[Recorded data]

╭──

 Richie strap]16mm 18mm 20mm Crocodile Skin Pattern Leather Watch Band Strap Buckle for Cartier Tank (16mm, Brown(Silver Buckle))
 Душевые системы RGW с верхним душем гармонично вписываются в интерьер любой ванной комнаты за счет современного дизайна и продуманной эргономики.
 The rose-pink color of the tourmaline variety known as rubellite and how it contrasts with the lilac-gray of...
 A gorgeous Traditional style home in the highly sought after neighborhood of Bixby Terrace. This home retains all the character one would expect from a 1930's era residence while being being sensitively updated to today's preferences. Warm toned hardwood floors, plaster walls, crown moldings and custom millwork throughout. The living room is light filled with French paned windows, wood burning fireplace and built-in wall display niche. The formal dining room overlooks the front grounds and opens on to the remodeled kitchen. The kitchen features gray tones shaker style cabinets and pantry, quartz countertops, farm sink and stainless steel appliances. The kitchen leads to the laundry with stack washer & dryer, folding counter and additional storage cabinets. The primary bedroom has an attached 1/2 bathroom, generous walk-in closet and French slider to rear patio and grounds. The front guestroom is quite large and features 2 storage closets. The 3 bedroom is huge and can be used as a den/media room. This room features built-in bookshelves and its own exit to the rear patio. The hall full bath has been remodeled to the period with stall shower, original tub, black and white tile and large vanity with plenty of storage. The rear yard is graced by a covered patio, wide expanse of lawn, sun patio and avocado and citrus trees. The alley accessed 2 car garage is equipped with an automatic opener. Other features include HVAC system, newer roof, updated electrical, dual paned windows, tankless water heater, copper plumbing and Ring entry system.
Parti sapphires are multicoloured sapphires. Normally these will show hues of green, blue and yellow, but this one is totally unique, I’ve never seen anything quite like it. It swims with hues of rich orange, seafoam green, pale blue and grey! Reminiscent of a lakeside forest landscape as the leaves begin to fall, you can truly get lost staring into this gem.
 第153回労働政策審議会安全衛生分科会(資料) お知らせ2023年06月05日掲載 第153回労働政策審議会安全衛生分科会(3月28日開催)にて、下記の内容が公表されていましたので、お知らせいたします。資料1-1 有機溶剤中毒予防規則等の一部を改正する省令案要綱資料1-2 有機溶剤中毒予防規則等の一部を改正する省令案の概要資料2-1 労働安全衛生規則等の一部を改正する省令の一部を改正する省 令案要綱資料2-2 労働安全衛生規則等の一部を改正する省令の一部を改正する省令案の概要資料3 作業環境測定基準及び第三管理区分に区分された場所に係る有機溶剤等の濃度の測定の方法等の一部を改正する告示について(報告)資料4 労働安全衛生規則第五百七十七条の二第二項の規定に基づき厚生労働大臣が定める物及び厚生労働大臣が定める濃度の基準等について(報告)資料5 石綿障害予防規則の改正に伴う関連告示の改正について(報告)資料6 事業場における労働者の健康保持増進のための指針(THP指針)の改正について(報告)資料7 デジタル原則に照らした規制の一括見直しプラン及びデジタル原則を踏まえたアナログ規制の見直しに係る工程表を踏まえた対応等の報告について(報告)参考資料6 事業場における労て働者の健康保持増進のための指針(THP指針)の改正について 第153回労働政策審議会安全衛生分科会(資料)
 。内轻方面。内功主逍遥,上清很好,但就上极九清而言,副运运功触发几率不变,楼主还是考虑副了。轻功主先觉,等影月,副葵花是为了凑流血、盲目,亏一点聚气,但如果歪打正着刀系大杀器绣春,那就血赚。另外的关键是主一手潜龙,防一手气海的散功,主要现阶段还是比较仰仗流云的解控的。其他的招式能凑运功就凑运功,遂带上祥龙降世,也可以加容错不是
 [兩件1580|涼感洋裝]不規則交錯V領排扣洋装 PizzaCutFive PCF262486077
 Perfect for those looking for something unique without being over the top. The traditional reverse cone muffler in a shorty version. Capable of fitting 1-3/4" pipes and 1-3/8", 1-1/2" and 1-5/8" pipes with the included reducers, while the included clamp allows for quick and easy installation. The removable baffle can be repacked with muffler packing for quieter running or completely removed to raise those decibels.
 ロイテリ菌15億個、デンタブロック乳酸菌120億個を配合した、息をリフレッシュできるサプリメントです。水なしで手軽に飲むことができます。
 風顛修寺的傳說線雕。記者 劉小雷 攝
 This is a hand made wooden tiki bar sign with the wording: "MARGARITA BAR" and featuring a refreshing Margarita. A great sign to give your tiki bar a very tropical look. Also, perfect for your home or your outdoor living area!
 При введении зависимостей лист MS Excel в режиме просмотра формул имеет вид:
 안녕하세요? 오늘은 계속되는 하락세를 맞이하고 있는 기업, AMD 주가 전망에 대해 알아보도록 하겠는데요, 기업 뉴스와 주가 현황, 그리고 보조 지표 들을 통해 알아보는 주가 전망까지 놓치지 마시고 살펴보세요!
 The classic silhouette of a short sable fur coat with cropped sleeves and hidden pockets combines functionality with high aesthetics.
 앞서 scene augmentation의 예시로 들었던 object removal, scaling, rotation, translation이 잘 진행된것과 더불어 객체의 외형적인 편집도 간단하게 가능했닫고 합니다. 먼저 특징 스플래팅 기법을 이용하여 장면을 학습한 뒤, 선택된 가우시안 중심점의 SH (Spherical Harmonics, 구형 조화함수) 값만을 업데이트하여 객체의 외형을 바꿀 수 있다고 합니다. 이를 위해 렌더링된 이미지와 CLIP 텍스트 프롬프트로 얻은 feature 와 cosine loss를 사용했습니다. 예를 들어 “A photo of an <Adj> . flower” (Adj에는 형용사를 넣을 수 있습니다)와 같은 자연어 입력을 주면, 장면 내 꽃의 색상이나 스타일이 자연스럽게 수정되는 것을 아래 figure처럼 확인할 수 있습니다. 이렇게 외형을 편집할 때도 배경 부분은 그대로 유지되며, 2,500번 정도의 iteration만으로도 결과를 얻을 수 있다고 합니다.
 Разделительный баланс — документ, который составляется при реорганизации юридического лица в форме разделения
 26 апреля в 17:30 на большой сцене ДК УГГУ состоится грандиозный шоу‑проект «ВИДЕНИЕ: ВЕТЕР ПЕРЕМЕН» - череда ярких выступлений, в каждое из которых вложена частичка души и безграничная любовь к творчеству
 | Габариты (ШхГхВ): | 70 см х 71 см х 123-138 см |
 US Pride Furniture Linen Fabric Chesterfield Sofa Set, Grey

╰──

→ EXERCISE GOAL:
Reproduce the entries above in full, exactly as they read.

→ SOLUTION BELOW:
 Richie strap]16mm 18mm 20mm Crocodile Skin Pattern Leather Watch Band Strap Buckle for Cartier Tank (16mm, Brown(Silver Buckle))
 Душевые системы RGW с верхним душем гармонично вписываются в интерьер любой ванной комнаты за счет современного дизайна и продуманной эргономики.
 The rose-pink color of the tourmaline variety known as rubellite and how it contrasts with the lilac-gray of...
 A gorgeous Traditional style home in the highly sought after neighborhood of Bixby Terrace. This home retains all the character one would expect from a 1930's era residence while being being sensitively updated to today's preferences. Warm toned hardwood floors, plaster walls, crown moldings and custom millwork throughout. The living room is light filled with French paned windows, wood burning fireplace and built-in wall display niche. The formal dining room overlooks the front grounds and opens on to the remodeled kitchen. The kitchen features gray tones shaker style cabinets and pantry, quartz countertops, farm sink and stainless steel appliances. The kitchen leads to the laundry with stack washer & dryer, folding counter and additional storage cabinets. The primary bedroom has an attached 1/2 bathroom, generous walk-in closet and French slider to rear patio and grounds. The front guestroom is quite large and features 2 storage closets. The 3 bedroom is huge and can be used as a den/media room. This room features built-in bookshelves and its own exit to the rear patio. The hall full bath has been remodeled to the period with stall shower, original tub, black and white tile and large vanity with plenty of storage. The rear yard is graced by a covered patio, wide expanse of lawn, sun patio and avocado and citrus trees. The alley accessed 2 car garage is equipped with an automatic opener. Other features include HVAC system, newer roof, updated electrical, dual paned windows, tankless water heater, copper plumbing and Ring entry system.
Parti sapphires are multicoloured sapphires. Normally these will show hues of green, blue and yellow, but this one is totally unique, I’ve never seen anything quite like it. It swims with hues of rich orange, seafoam green, pale blue and grey! Reminiscent of a lakeside forest landscape as the leaves begin to fall, you can truly get lost staring into this gem.
 第153回労働政策審議会安全衛生分科会(資料) お知らせ2023年06月05日掲載 第153回労働政策審議会安全衛生分科会(3月28日開催)にて、下記の内容が公表されていましたので、お知らせいたします。資料1-1 有機溶剤中毒予防規則等の一部を改正する省令案要綱資料1-2 有機溶剤中毒予防規則等の一部を改正する省令案の概要資料2-1 労働安全衛生規則等の一部を改正する省令の一部を改正する省 令案要綱資料2-2 労働安全衛生規則等の一部を改正する省令の一部を改正する省令案の概要資料3 作業環境測定基準及び第三管理区分に区分された場所に係る有機溶剤等の濃度の測定の方法等の一部を改正する告示について(報告)資料4 労働安全衛生規則第五百七十七条の二第二項の規定に基づき厚生労働大臣が定める物及び厚生労働大臣が定める濃度の基準等について(報告)資料5 石綿障害予防規則の改正に伴う関連告示の改正について(報告)資料6 事業場における労働者の健康保持増進のための指針(THP指針)の改正について(報告)資料7 デジタル原則に照らした規制の一括見直しプラン及びデジタル原則を踏まえたアナログ規制の見直しに係る工程表を踏まえた対応等の報告について(報告)参考資料6 事業場における労て働者の健康保持増進のための指針(THP指針)の改正について 第153回労働政策審議会安全衛生分科会(資料)
 。内轻方面。内功主逍遥,上清很好,但就上极九清而言,副运运功触发几率不变,楼主还是考虑副了。轻功主先觉,等影月,副葵花是为了凑流血、盲目,亏一点聚气,但如果歪打正着刀系大杀器绣春,那就血赚。另外的关键是主一手潜龙,防一手气海的散功,主要现阶段还是比较仰仗流云的解控的。其他的招式能凑运功就凑运功,遂带上祥龙降世,也可以加容错不是
 [兩件1580|涼感洋裝]不規則交錯V領排扣洋装 PizzaCutFive PCF262486077
 Perfect for those looking for something unique without being over the top. The traditional reverse cone muffler in a shorty version. Capable of fitting 1-3/4" pipes and 1-3/8", 1-1/2" and 1-5/8" pipes with the included reducers, while the included clamp allows for quick and easy installation. The removable baffle can be repacked with muffler packing for quieter running or completely removed to raise those decibels.
 ロイテリ菌15億個、デンタブロック乳酸菌120億個を配合した、息をリフレッシュできるサプリメントです。水なしで手軽に飲むことができます。
 風顛修寺的傳說線雕。記者 劉小雷 攝
 This is a hand made wooden tiki bar sign with the wording: "MARGARITA BAR" and featuring a refreshing Margarita. A great sign to give your tiki bar a very tropical look. Also, perfect for your home or your outdoor living area!
 При введении зависимостей лист MS Excel в режиме просмотра формул имеет вид:
 안녕하세요? 오늘은 계속되는 하락세를 맞이하고 있는 기업, AMD 주가 전망에 대해 알아보도록 하겠는데요, 기업 뉴스와 주가 현황, 그리고 보조 지표 들을 통해 알아보는 주가 전망까지 놓치지 마시고 살펴보세요!
 The classic silhouette of a short sable fur coat with cropped sleeves and hidden pockets combines functionality with high aesthetics.
 앞서 scene augmentation의 예시로 들었던 object removal, scaling, rotation, translation이 잘 진행된것과 더불어 객체의 외형적인 편집도 간단하게 가능했닫고 합니다. 먼저 특징 스플래팅 기법을 이용하여 장면을 학습한 뒤, 선택된 가우시안 중심점의 SH (Spherical Harmonics, 구형 조화함수) 값만을 업데이트하여 객체의 외형을 바꿀 수 있다고 합니다. 이를 위해 렌더링된 이미지와 CLIP 텍스트 프롬프트로 얻은 feature 와 cosine loss를 사용했습니다. 예를 들어 “A photo of an <Adj> . flower” (Adj에는 형용사를 넣을 수 있습니다)와 같은 자연어 입력을 주면, 장면 내 꽃의 색상이나 스타일이 자연스럽게 수정되는 것을 아래 figure처럼 확인할 수 있습니다. 이렇게 외형을 편집할 때도 배경 부분은 그대로 유지되며, 2,500번 정도의 iteration만으로도 결과를 얻을 수 있다고 합니다.
 Разделительный баланс — документ, который составляется при реорганизации юридического лица в форме разделения
 26 апреля в 17:30 на большой сцене ДК УГГУ состоится грандиозный шоу‑проект «ВИДЕНИЕ: ВЕТЕР ПЕРЕМЕН» - череда ярких выступлений, в каждое из которых вложена частичка души и безграничная любовь к творчеству
 | Габариты (ШхГхВ): | 70 см х 71 см х 123-138 см |
 US Pride Furniture Linen Fabric Chesterfield Sofa Set, Grey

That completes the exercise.